** Provided entries follows **

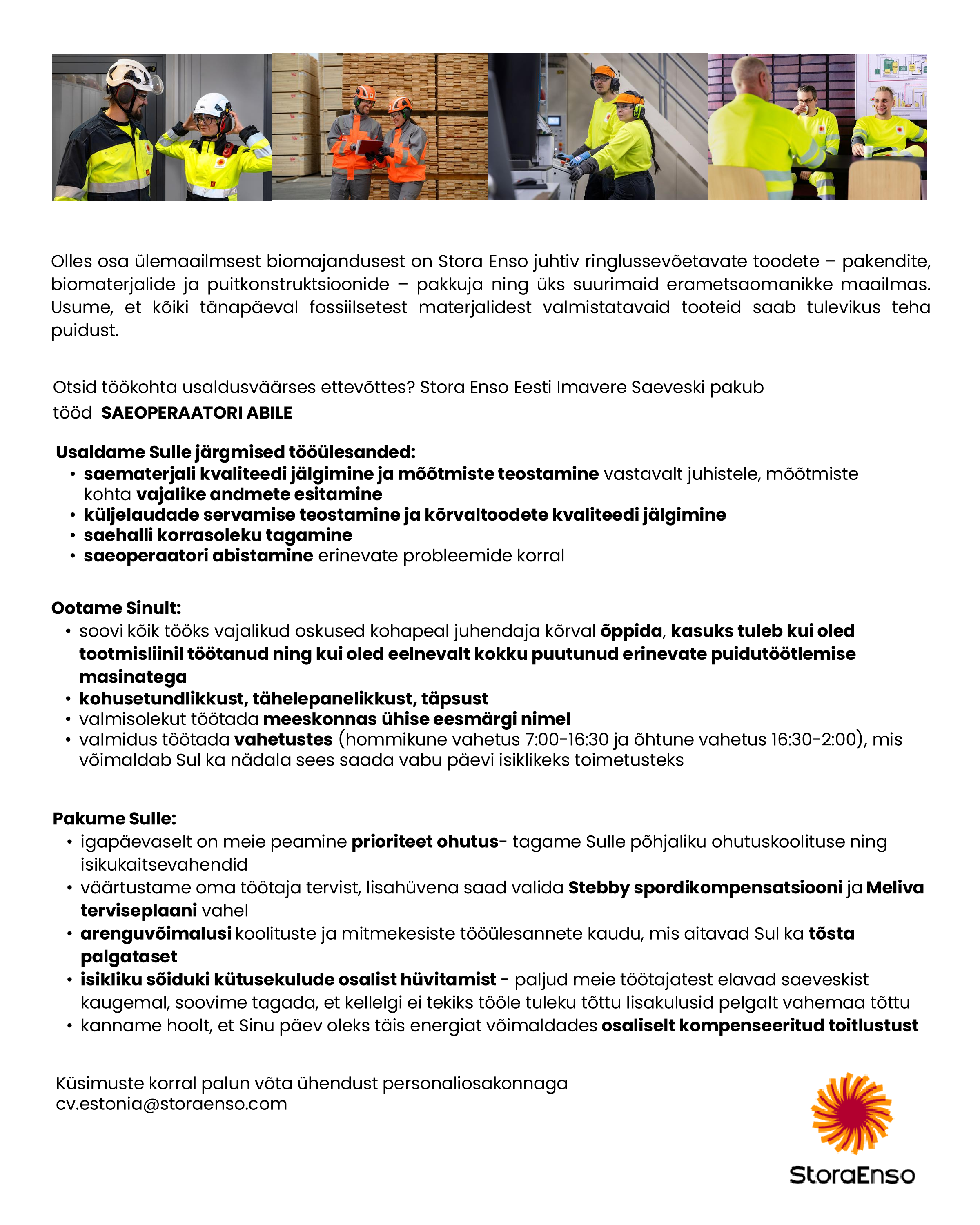 Meie eesmärk "Tee head inimestele ja planeedile. Taastumatute materjalide asendamine taastuvate toodetega" toetab meie usku, et kõike, mida tänapäeval saab teha fossiilidel põhinevate materjalidega, saab tulevikus teha puidust, ja see tõstab esile Stora Enso võimaluse panustada rohelisemasse majandusse.
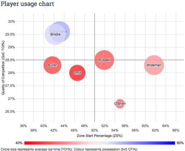 – Way over on the right side of the screen is Dennis Wideman. As you can see, he had the easiest minutes of any regular defender on the team and still couldn’t stay out of his own end. These are bad results in isolation, but horrible when considered in light of his $5.25M/year contract. He has 3 years left on the deal and if the Flames weren’t struggling to meet the cap floor he’d be a buy-out candidate.
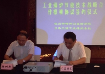 7月26日下午,三浦工业株式会社与杭州特种设备检测院(以下简称“杭州特检院”)在杭州举行了“杭州市工业锅炉安全与节能技术战略合作框架协议”签约仪式。杭州特检院韩树新院长与三浦工业株式会社执行董事兼三浦工业设备(苏州)有限公司董事长儿岛好宏先生代表双方在合作协议上签字。杭州市质监局特监处王瑞欣处长参加了此次签约仪式并对今后双方合作方向做了重要指示。
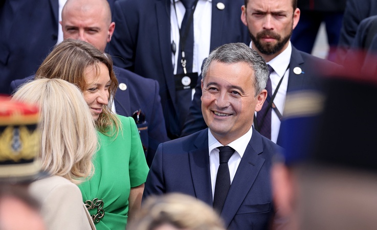 La Première Dame française Brigitte Macron, Gérald Darmanin, ministre de l'Intérieur et des Outre-mer, et sa femme Rose-Marie Devillers lors d'un bain de foule à la cérémonie du 144ème défilé militaire du 14 juillet, jour de la Fête Nationale, à Paris, France, le 14 juillet 2024. © Dominique Jacovides/Bestimage rench President during the Bastille Day parade, in Paris, France, on July 14, 2024.
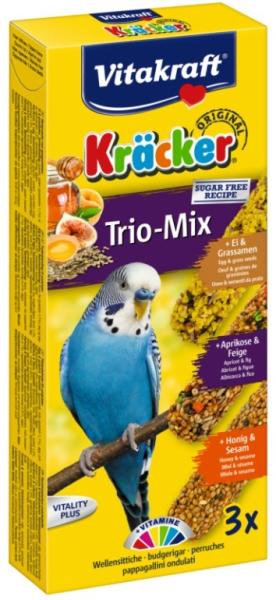 A Vitakraft tripla rúd hullámos papagájoknak kiegészítő eledel koptatófával és akasztóval három különböző ízesítésben. Az állatot arra készteti, hogy megdolgozzon a táplálékáért - mint a természetben. Felhasználási útmutató: Legjobb, ha mindig van egy rúd a ketrecben. Összetétel: Tojás és fűmag: gabona, magok (fűmag 1,1%), tojás és tojásszármazékok 1,8%,
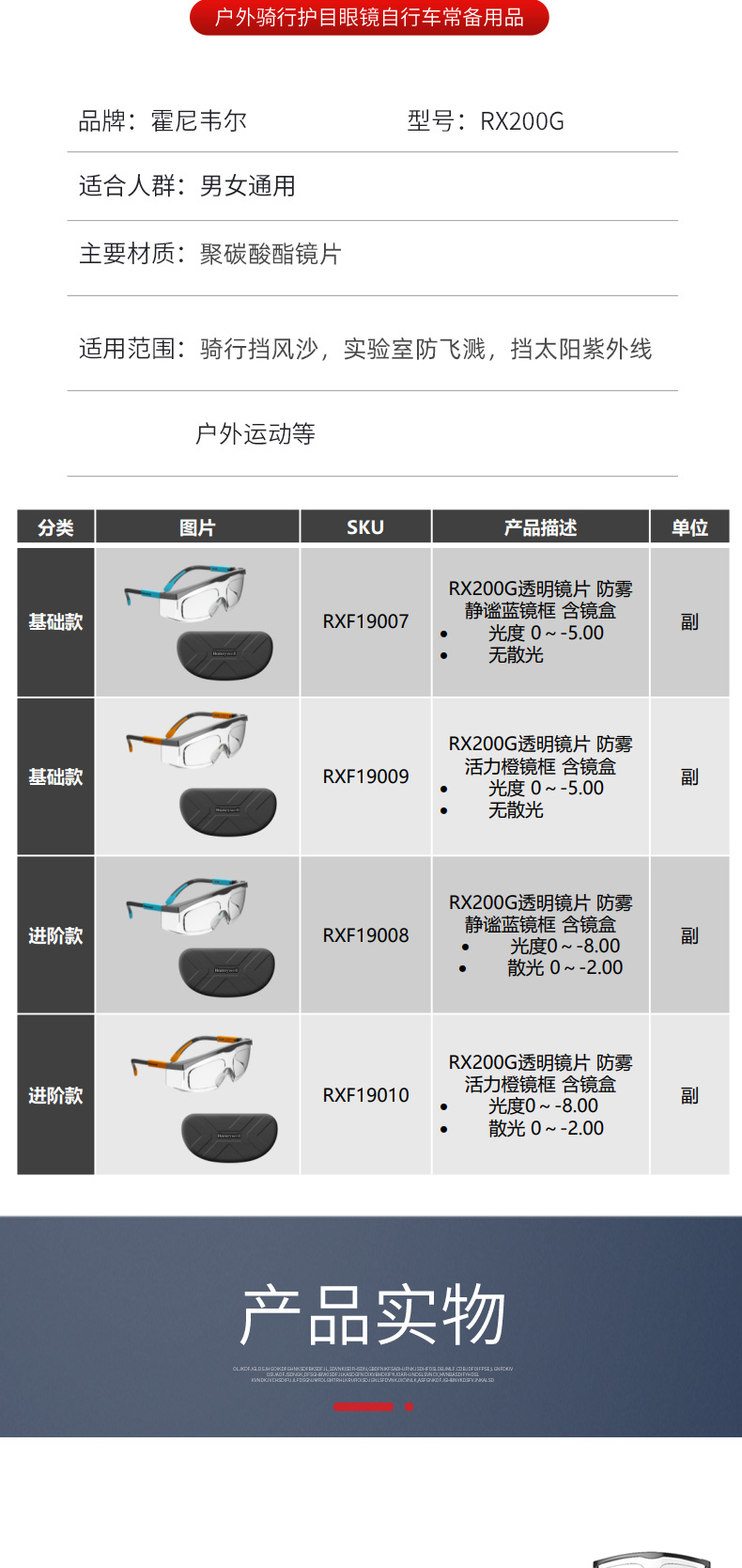 霍尼韋爾 RXF19010 RX200G透明鏡片 防霧 活力橙鏡框 含鏡盒(光度:0~-800,散光:0~-200)

** End of Provided entries **

What is needed is a word-for-word restatement of the lines from the one holding "7月26日下午,三浦工业株式" to the final line of the data above, inclusive, without any pictures.

**Response to this task:**
 7月26日下午,三浦工业株式会社与杭州特种设备检测院(以下简称“杭州特检院”)在杭州举行了“杭州市工业锅炉安全与节能技术战略合作框架协议”签约仪式。杭州特检院韩树新院长与三浦工业株式会社执行董事兼三浦工业设备(苏州)有限公司董事长儿岛好宏先生代表双方在合作协议上签字。杭州市质监局特监处王瑞欣处长参加了此次签约仪式并对今后双方合作方向做了重要指示。
 La Première Dame française Brigitte Macron, Gérald Darmanin, ministre de l'Intérieur et des Outre-mer, et sa femme Rose-Marie Devillers lors d'un bain de foule à la cérémonie du 144ème défilé militaire du 14 juillet, jour de la Fête Nationale, à Paris, France, le 14 juillet 2024. © Dominique Jacovides/Bestimage rench President during the Bastille Day parade, in Paris, France, on July 14, 2024.
 A Vitakraft tripla rúd hullámos papagájoknak kiegészítő eledel koptatófával és akasztóval három különböző ízesítésben. Az állatot arra készteti, hogy megdolgozzon a táplálékáért - mint a természetben. Felhasználási útmutató: Legjobb, ha mindig van egy rúd a ketrecben. Összetétel: Tojás és fűmag: gabona, magok (fűmag 1,1%), tojás és tojásszármazékok 1,8%,
 霍尼韋爾 RXF19010 RX200G透明鏡片 防霧 活力橙鏡框 含鏡盒(光度:0~-800,散光:0~-200)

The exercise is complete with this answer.